--- START ---

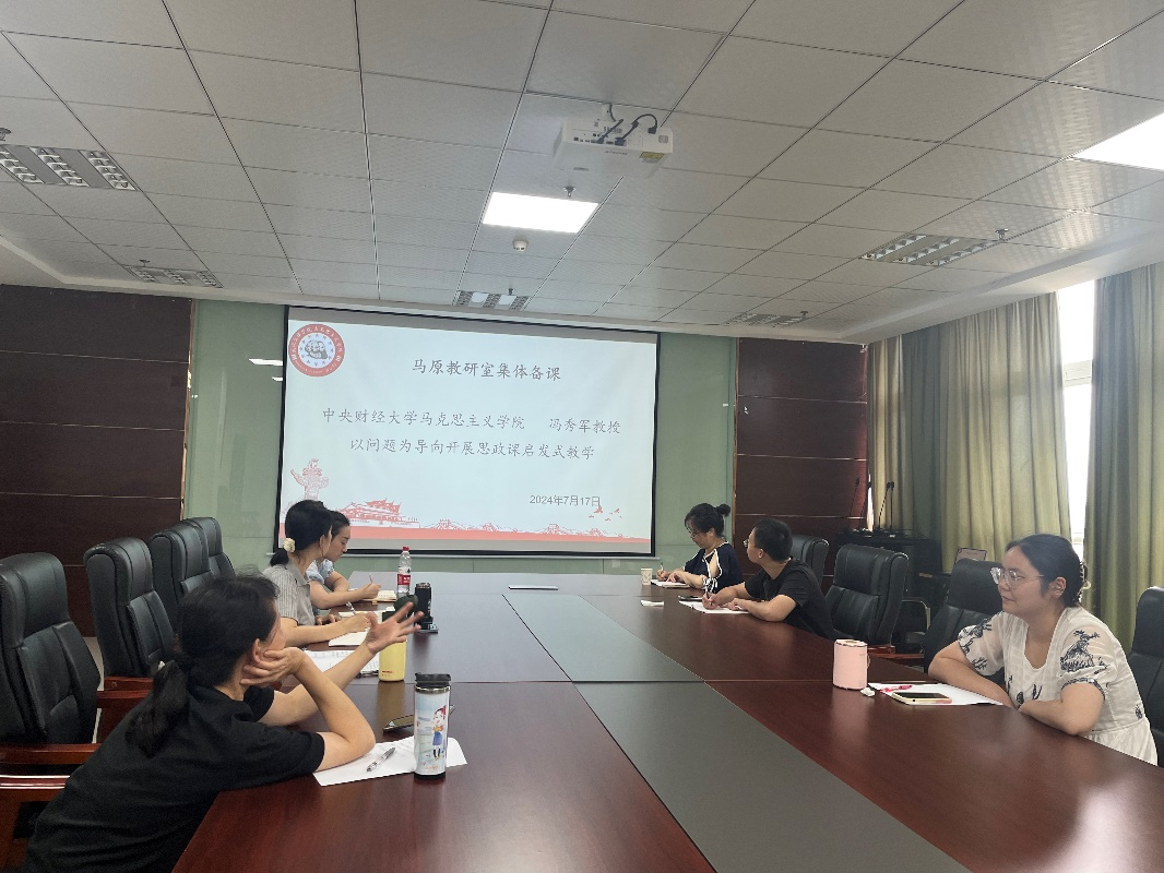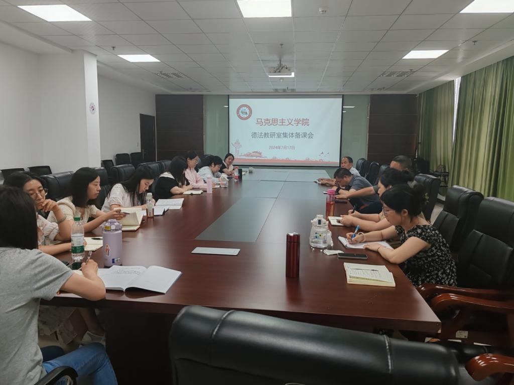 马原教研室围绕两个议程开展集体备课,首先布置2024-2025-1学期前期准备工作,其次共同学习探讨2024年马克思主义基本原理OBE教学大纲、云班课的使用情况、教学效果、实践教学等问题。
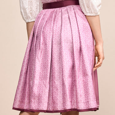 Der Rock des Dirndls Maryanne endet mit einer Länge von 60 cm und reicht charmant unter das Knie. Diese Länge sorgt für eine elegante, aber dennoch verspielte Silhouette, die zu verschiedenen Anlässen getragen werden kann – von festlichen Events bis hin zu besonderen Feierlichkeiten. Die feinen Ornamentmuster auf dem Rock verleihen ihm eine Extraportion Extravaganz und fangen das Licht auf wunderschöne Weise ein. Diese dekorativen Akzente heben das Dirndl von anderen ab und machen es zu einem wahren Blickfang.
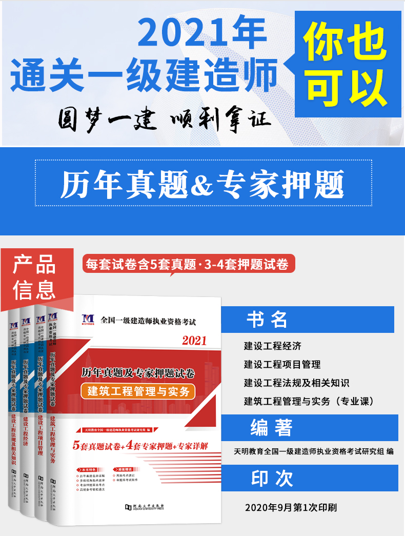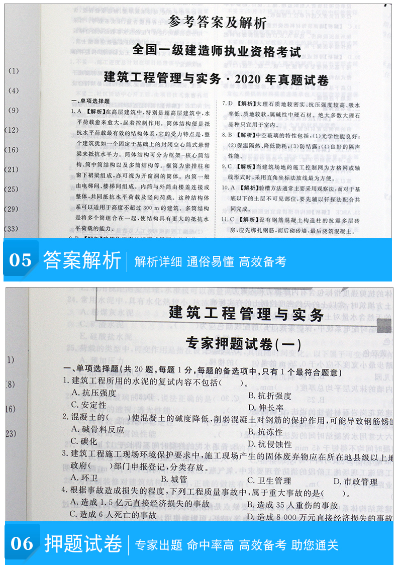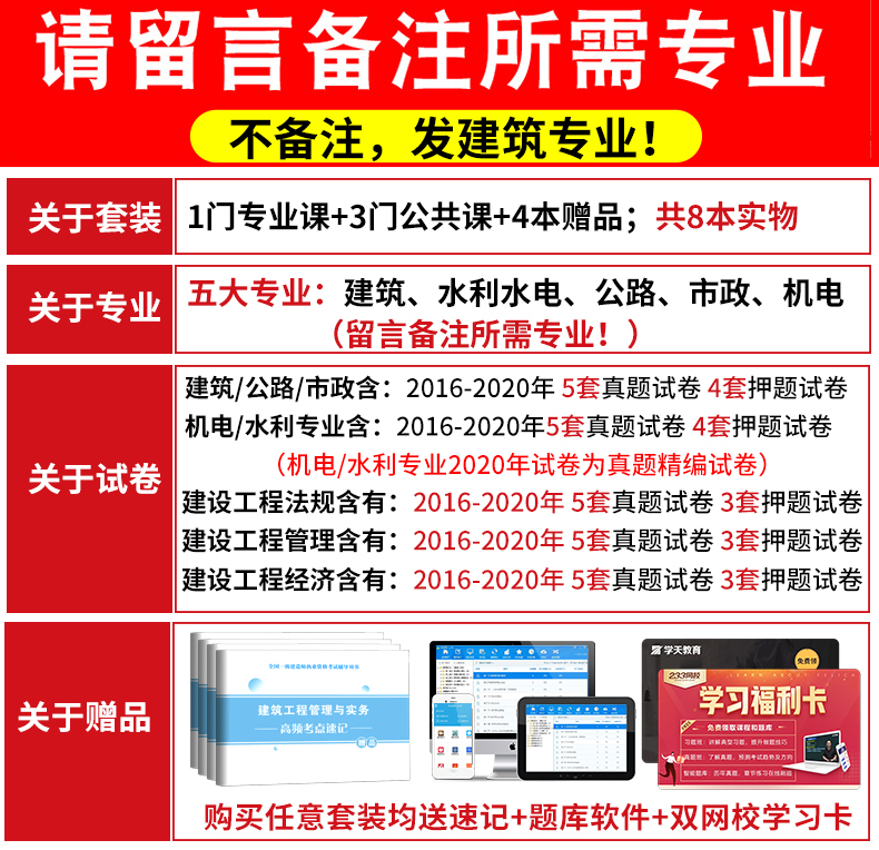 【送视频课件+题库】2020一级建造师资格考试用书历年真题试卷押题解析建筑工程管理与实务 一建市政机电水利水电公路建筑专业备注

--- END ---

[Instructions to follow]:
Strip the images and return the remaining data exactly.

[Problem solution]:
 马原教研室围绕两个议程开展集体备课,首先布置2024-2025-1学期前期准备工作,其次共同学习探讨2024年马克思主义基本原理OBE教学大纲、云班课的使用情况、教学效果、实践教学等问题。
 Der Rock des Dirndls Maryanne endet mit einer Länge von 60 cm und reicht charmant unter das Knie. Diese Länge sorgt für eine elegante, aber dennoch verspielte Silhouette, die zu verschiedenen Anlässen getragen werden kann – von festlichen Events bis hin zu besonderen Feierlichkeiten. Die feinen Ornamentmuster auf dem Rock verleihen ihm eine Extraportion Extravaganz und fangen das Licht auf wunderschöne Weise ein. Diese dekorativen Akzente heben das Dirndl von anderen ab und machen es zu einem wahren Blickfang.
 【送视频课件+题库】2020一级建造师资格考试用书历年真题试卷押题解析建筑工程管理与实务 一建市政机电水利水电公路建筑专业备注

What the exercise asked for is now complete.